• INFORMATION SUPPLIED:

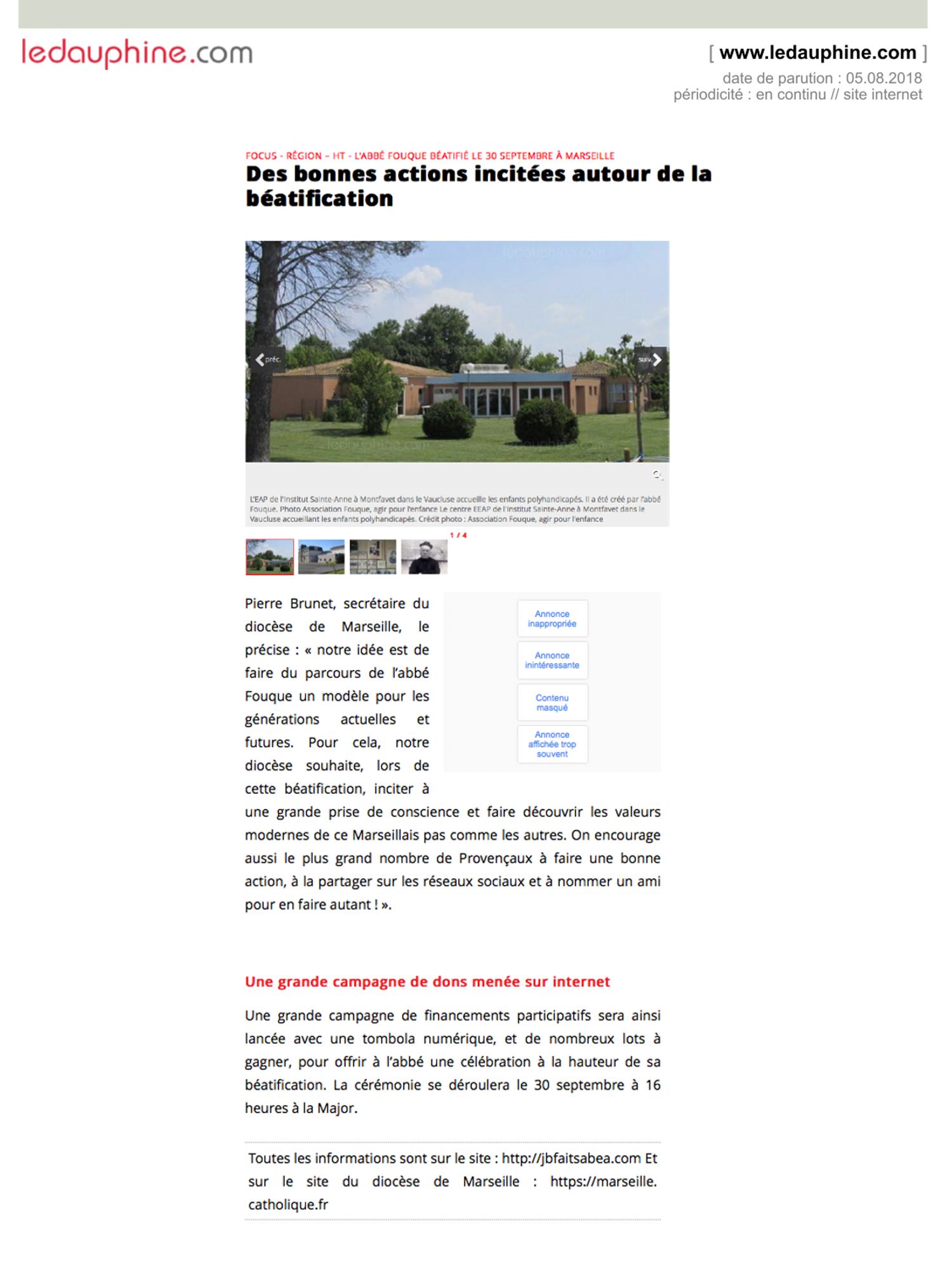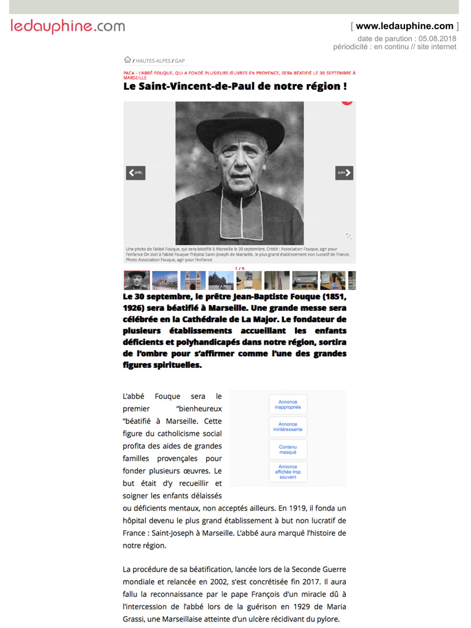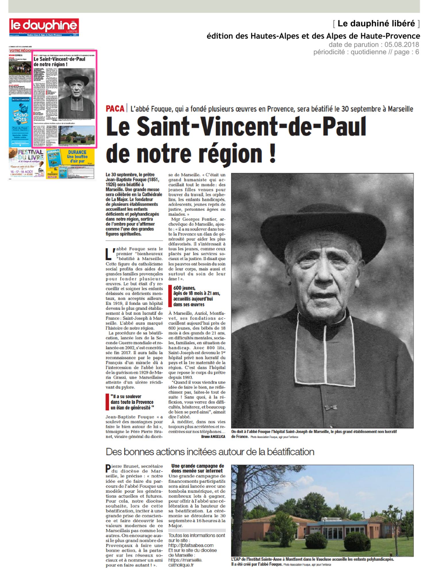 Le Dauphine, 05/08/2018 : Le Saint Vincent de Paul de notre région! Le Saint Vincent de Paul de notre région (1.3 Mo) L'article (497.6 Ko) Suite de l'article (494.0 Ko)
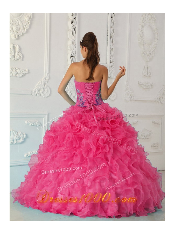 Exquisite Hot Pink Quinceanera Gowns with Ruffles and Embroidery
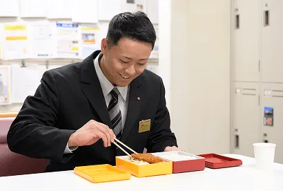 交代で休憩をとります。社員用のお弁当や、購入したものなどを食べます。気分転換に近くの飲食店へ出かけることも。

• PROMPT:
In repeating the lines above, keep the wording exact and leave every picture out.

• REPLY TO THE TASK:
 Le Dauphine, 05/08/2018 : Le Saint Vincent de Paul de notre région! Le Saint Vincent de Paul de notre région (1.3 Mo) L'article (497.6 Ko) Suite de l'article (494.0 Ko)
 Exquisite Hot Pink Quinceanera Gowns with Ruffles and Embroidery
 交代で休憩をとります。社員用のお弁当や、購入したものなどを食べます。気分転換に近くの飲食店へ出かけることも。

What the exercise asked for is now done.